6. Column-Oriented Databases | 112
Reduction of Commit Logs Each tablet server keeps only two
10
append-only commit log files for all
tablets it serves. This is due to the fact that number of commit logs would grow very if such a
file would be created and maintained on a per-tablet base, resulting in many concurrent writes to
GFS, potentially large numbers of disk seeks, and less efficiency of the group commit optimization.
A downside of this approach appears if tablets get reassigned (e.g. caused by tablet server crashes
or tablet redistribution due to load balancing): as a tablet server typically only servers part of the
tablets that were served by another server before, it has to read through the commit logs the former
server produced to establish the tablet representation shown in figure 6.3 on page 110; hence, if the
tablets once served by one tablet server get reassigned to n tablet servers, the commit logs have to
be read n times. To tackle this issue, the commits are stored and sorted by the key-triple (table,
row, log sequence number). This results in just one disk seek with a subsequent contiguous read
for each tablet server that has to evaluate commit logs in order to load tablets formerly served by
another tablet server. The sorting of a commit log is optimized in two ways. Firstly, a commit log is
sorted lazily: when a tablet server has to serve additional tablets, it beckons the master server that
it has to evaluate a commit log so that the master server can initiate the sorting of this commit log.
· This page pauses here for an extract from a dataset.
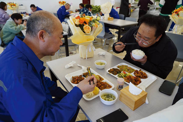 圖為勞模先進職工家屬體驗職工食堂的日常午餐,幫助他們感受企業(yè)大家庭的溫暖。

A second optimization is how the commit logs are sorted: the master server splits them up into 64
MB chunks and initiates a parallel sort of these chunks on multiple tablet servers.
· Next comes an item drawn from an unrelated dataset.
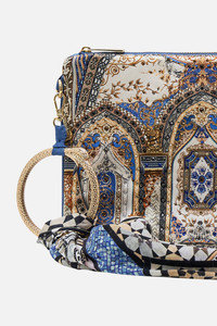 Designed in Australia, The Make Me Your Mosaic Ring Scarf Clutch evokes the breathtaking tessellations that adorn the sacred walls of Egypt's architectural masterpieces Lovingly handcrafted this bespoke evening clutch bag showcases a signature CAMILLA print upon a sumptuous rectangular silhouette. The statement custom ring hardware is adorned with a detachable silk scarf and the zip top enclosure ensures sleek storage for all your treasures. - Internal Zip Pocket - Hardware Ring - Detachable Scarf - Contrast Piped Edge - 26Cm X 18.5Cm SKU 00032409-MMYMOSAC-O/S Size and Fit Our model wears a CAMILLA O/S and is 5'10 (178cm) tall. Her standard dress size is an AU 10. She has a 32in (83cm) bust, 35in (89.5cm) hips and a 25in (66cm) waist. Designed as a one size style Fabric and Care 100% SILK Silk satin embodies a sumptuously smooth finish that offers a rich buttery touch to the skin. As a result of the satin weaving technique, it masterfully creates a fuller bounce to the body and drape details.

Reducing GFS Latency Impacts The distributed Google File Systems is not robust against latency spikes,
e. g. due to server crashes or network congestion. To reduce the impact of such latencies, each tablet
server uses two writer threads for commit logs, each writing to its own file. Only one of these threads
is actively writing to GFS at a given time. If this active thread suffers from GFS “performance
hiccups”, the commit logging is switched to the second thread. As any operation in a commit log
has a unique sequence number, duplicate entries in the two commit logs can be eliminated when a
tablet server loads a tablet.
Improving Tablet Recovery Tablet recovery is the process of tablet-loading done by a tablet server that a
particular tablet has been assigned to. As discussed in this section and in section 6.1.4, a tablet server
has to evaluate the commit logs attached that contain operations for the tablet to load. Besides the
aforementioned Bloom Filter optimization, Bigtable tries to avoid that a tablet server has to read a
commit log at all when recovering a tablet. This is achieved by employing two minor compactations
when a tablet server stops serving a tablet. The first compactation is employed to reduce “the amount
of uncompacted state in the tablet server’s commit log”. The second compactation processes the
update operations that have been processed since the first compactation was started; before this
second compactation is executed, the tablet server stops serving any requests. These optimizations
to reduce tablet recovery time can only happen and take effect if a tablet server stops serving tablets
in a controlled fashion (i. e. it has not due to a crash).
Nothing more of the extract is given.